In Marenco v. DirecTV LLC, Francisco Marenco was an employee of 180 Connect, Inc., and, as a condition of his employment, executed an arbitration agreement that required both parties to arbitrate any claims arising from or related to his employment. DirecTV LLC acquired 180 Connect, assuming all of its assets, debts, rights, responsibilities, obligations and liabilities.
Following the acquisition, Marenco sued DirecTV for violation of unfair competition and state wage laws. DirecTV sought to compel arbitration as the successor to the original arbitration agreement. Marenco argued that DirecTV lacked standing to compel arbitration because it was not a signatory to the agreement.
A trial court found for DirecTV and ordered arbitration. Upon appeal, the Second Appellate District affirmed the trial court’s findings that DirecTV had standing to enforce the arbitration agreement.
In reaching its decision, the appeals court said there was undisputed evidence that DirecTV acquired all the assets and obligations of 180 Connect, including its employment agreements.
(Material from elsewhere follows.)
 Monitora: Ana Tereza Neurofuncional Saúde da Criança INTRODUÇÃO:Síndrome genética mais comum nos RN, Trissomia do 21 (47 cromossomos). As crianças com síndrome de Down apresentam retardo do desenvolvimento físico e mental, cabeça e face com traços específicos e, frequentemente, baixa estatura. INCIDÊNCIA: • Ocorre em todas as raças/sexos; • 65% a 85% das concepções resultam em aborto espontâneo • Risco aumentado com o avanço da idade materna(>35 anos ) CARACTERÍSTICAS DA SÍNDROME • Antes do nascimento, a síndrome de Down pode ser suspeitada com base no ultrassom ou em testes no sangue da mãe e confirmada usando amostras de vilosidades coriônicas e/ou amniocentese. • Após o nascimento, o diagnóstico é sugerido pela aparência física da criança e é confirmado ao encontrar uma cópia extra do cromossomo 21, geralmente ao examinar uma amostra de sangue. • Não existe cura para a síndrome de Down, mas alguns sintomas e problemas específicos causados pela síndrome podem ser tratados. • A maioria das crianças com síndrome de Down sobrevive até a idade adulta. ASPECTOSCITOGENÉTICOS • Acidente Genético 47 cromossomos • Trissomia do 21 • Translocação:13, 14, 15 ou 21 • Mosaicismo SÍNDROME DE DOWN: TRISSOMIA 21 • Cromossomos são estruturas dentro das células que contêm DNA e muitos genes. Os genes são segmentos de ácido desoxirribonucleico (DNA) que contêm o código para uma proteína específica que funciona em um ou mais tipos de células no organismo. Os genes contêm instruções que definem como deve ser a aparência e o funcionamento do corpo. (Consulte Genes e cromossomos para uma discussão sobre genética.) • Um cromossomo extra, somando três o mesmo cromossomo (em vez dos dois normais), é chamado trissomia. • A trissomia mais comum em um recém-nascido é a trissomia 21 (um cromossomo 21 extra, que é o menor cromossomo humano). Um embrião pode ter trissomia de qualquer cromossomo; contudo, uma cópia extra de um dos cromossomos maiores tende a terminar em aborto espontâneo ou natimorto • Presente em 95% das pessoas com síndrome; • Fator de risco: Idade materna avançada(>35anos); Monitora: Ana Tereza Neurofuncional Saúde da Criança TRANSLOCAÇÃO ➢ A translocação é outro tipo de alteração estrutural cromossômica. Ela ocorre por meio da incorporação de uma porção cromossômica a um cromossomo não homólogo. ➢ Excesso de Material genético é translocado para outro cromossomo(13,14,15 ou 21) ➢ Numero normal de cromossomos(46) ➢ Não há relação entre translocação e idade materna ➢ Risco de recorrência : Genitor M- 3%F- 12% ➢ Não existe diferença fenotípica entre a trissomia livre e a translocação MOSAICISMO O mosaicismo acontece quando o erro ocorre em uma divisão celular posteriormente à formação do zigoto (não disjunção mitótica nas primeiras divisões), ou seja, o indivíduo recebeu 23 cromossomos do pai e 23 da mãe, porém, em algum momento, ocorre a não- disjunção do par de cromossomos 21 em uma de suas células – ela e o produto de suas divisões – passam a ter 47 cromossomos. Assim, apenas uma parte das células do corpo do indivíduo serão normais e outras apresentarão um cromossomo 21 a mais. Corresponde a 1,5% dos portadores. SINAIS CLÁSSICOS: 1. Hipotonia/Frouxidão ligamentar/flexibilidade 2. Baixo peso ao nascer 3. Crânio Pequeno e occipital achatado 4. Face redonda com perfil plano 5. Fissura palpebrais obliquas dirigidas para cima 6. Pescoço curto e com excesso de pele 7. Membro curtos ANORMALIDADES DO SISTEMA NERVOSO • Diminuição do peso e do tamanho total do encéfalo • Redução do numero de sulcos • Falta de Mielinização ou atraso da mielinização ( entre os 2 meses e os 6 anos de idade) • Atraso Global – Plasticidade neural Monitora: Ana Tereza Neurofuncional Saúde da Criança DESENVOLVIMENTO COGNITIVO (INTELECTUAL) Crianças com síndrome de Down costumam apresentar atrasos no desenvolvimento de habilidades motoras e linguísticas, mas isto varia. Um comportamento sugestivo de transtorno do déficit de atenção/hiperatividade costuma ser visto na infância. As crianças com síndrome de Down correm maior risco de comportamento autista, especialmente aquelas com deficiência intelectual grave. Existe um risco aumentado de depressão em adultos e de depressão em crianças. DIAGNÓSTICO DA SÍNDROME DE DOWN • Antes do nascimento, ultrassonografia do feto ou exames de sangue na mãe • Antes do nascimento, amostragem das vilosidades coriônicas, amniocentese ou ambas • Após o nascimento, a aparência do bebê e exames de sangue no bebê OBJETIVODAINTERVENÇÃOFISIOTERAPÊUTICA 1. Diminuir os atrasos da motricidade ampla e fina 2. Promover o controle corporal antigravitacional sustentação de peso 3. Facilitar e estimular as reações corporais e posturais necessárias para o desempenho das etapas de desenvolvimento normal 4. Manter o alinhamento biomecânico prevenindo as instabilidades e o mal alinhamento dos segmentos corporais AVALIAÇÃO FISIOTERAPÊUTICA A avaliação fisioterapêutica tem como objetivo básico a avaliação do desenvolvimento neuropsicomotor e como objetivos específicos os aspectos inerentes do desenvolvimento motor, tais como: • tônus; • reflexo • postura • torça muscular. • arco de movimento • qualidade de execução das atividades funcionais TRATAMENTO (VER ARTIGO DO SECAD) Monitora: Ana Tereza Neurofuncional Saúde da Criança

Marenco continued to work as a DirecTV employee and filed wage claims against it as his employer. His continued employment created an implied consent to abide by the original terms of the employment agreement, including the arbitration provision.
The court also found that because Marenco relied on his employment agreement with 180 Connect to bring suit against DirecTV, he was equitably estopped from challenging the arbitration provision as part of that agreement.